Abordant la revue de la littérature savante, les auteurs ont remanié leur classification. Le patrimonial devient humaniste, l’objet-et-rapport se mue en herméneutique, on a ajouté la conception esthétique. La présentation générale de ces cinq conceptions souffre d’une certaine dose de syncrétisme, si ce n’est de dyslexie : la langue est identifiée à « lire » ; « l’ensemble des valeurs et des schèmes » est ramené à « la dimension formelle, le contenant » ; l’objet « constitue un lieu » ... Les chapitres suivants élaborent sur chacune des conceptions, en y introduisant les catégories « fondements », « finalités », « rôle de l’élève », « rôle de l’enseignant », « rôle du savoir ». Ici encore, la glose est un peu molle, confuse, voire à contresens : « les humanistes forment l’être cultivé pour qu’il devienne désintéressé » ; la conception instrumentaliste de la culture dans l’approche par compétence est étiquetée « approche culturelle selon le discours instrumentaliste ». Au chapitre 6, « le discours herméneutique », qui correspond à ses propres vues, l’auteur se cite lui-même près d’une fois sur deux, tissant son propos à ceux des Ricoeur, Gadamer ou quelque auteur plus récent.
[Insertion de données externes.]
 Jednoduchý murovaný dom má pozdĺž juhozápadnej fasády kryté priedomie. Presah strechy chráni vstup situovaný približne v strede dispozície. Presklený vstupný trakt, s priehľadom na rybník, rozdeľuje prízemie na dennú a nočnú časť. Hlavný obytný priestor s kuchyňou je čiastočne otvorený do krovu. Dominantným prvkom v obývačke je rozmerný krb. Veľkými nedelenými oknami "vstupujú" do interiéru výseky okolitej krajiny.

Il aurait mieux fait de le recycler dans le texte et de parler en propre, plutôt que de s’objectiver en référence à la troisième personne. La conclusion revient sur l’idée de culture comme objet et rapport, qui permet d’inclure les dimensions littéraire, esthétique, historique, langagière, sociologique, herméneutique et critique suggérées par les différents textes d’orientation officiels, et de viser la formation du « citoyen héritier, interprète, créateur et critique ».
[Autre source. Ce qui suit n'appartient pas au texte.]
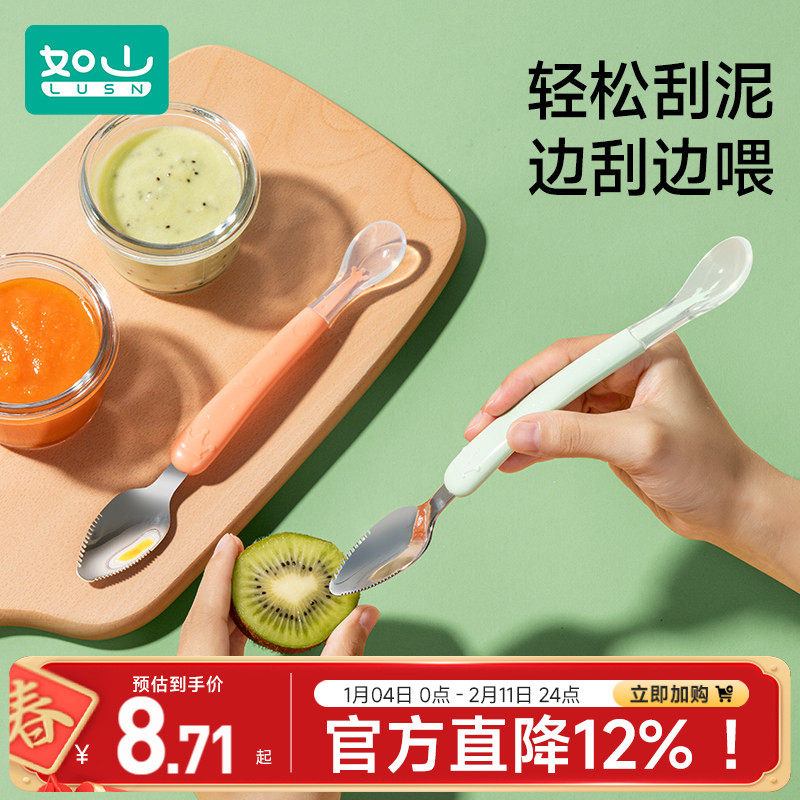 如山316不锈钢刮泥勺婴儿辅食勺果泥勺子宝宝吃水果挖泥辅食工具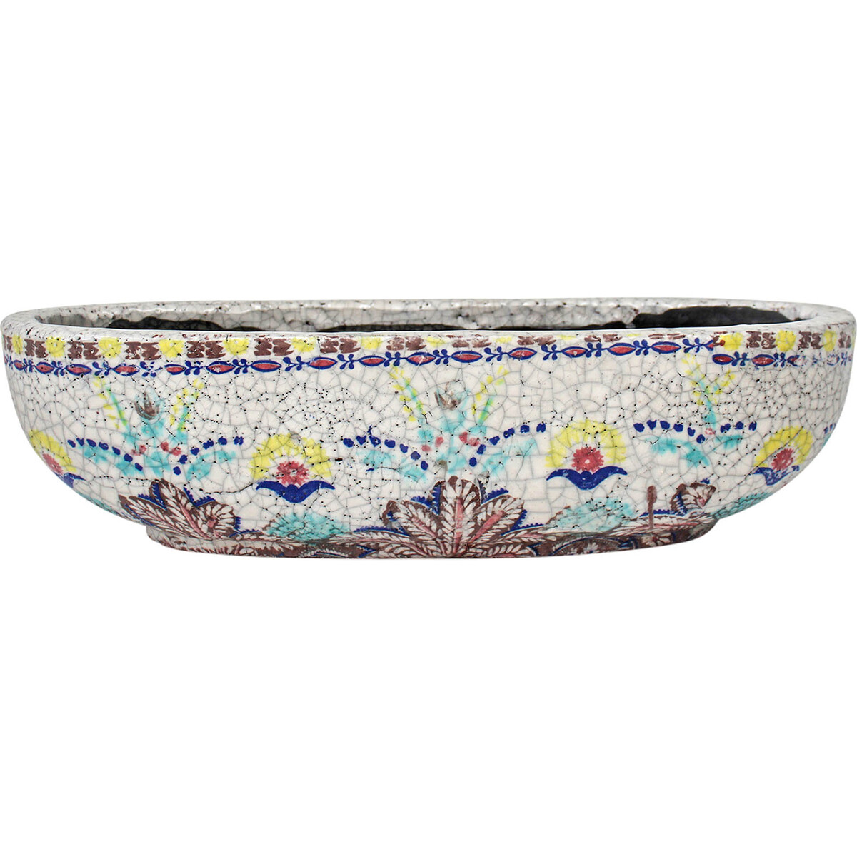 The Pot Oval Lrg Plume has two principally distinctive features that would immediately catch the attention of your customers and keep them curious about its immense decorative appeal and unusual appearance. It is made in a dimension which measures 36 centimetres in length and just 14.5 centimetres wide. It also has a height of 9.5 centimetres tall. This makes it more of a decorative terracotta ornament than a planting pot. On the surface of its exterior are colourful glazing of feathers and flowers in various bright colours of yellow, blue, etc.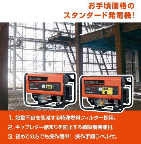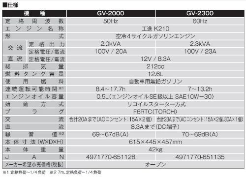 ・始動方法:リコイルスターター方式 ・運転時間(定格負荷~1/4負荷):8.4~17.7時間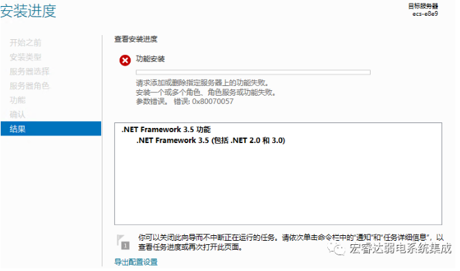報錯提示:請求添加或刪除指定服務器上的功能失敗。安裝一個或多個角色,角色服務或功能失敗。參數(shù)錯誤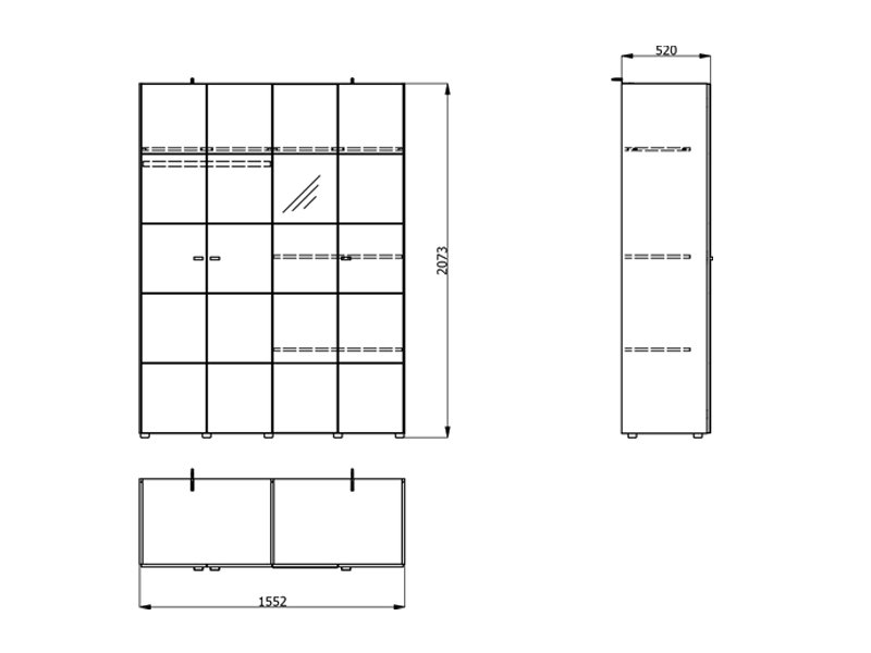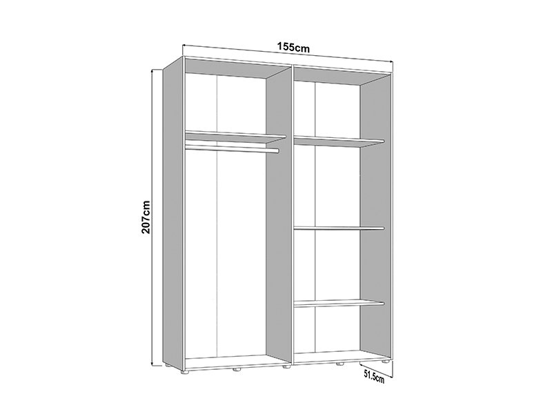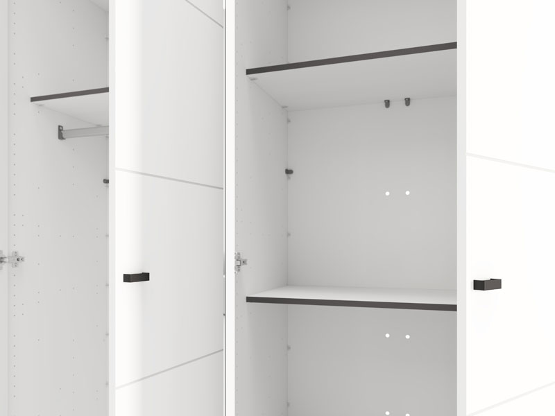 U svojoj osnovnoj formi, upotrebni prostor četvorokrilnog ormara organizovan je kroz jedan dvokrilni deo sa garderobnom šipkom za odlaganje odeće i drugi dvokrilni deo sa policama, koji omogućava pregledno skladištenje garderobe i dodataka. Postoji mogućnost naknadne ugradnje seta polica radi još bolje prilagodljivosti i organizacije prostora.

Selon une mauvaise habitude d’éditeurs, les Presses de l’Université Laval n’ont pas exigé la traduction des citations anglaises, obligeant ainsi le lecteur à changer continuellement de casette mentale, ce qui est agaçant – sans parler de ceux qui n’auraient qu’une seule casette. Quand on se procure un livre apparemment écrit en français, on devrait pouvoir s’attendre à le lire en français. De toute façon, les PUL auraient mieux fait de retourner le manuscrit. L’intention des auteurs était louable, sauf que – pour fournir un repère culturel en citant Mgr Bégin – « leur capacité n’était pas à la hauteur de leurs inspirations ».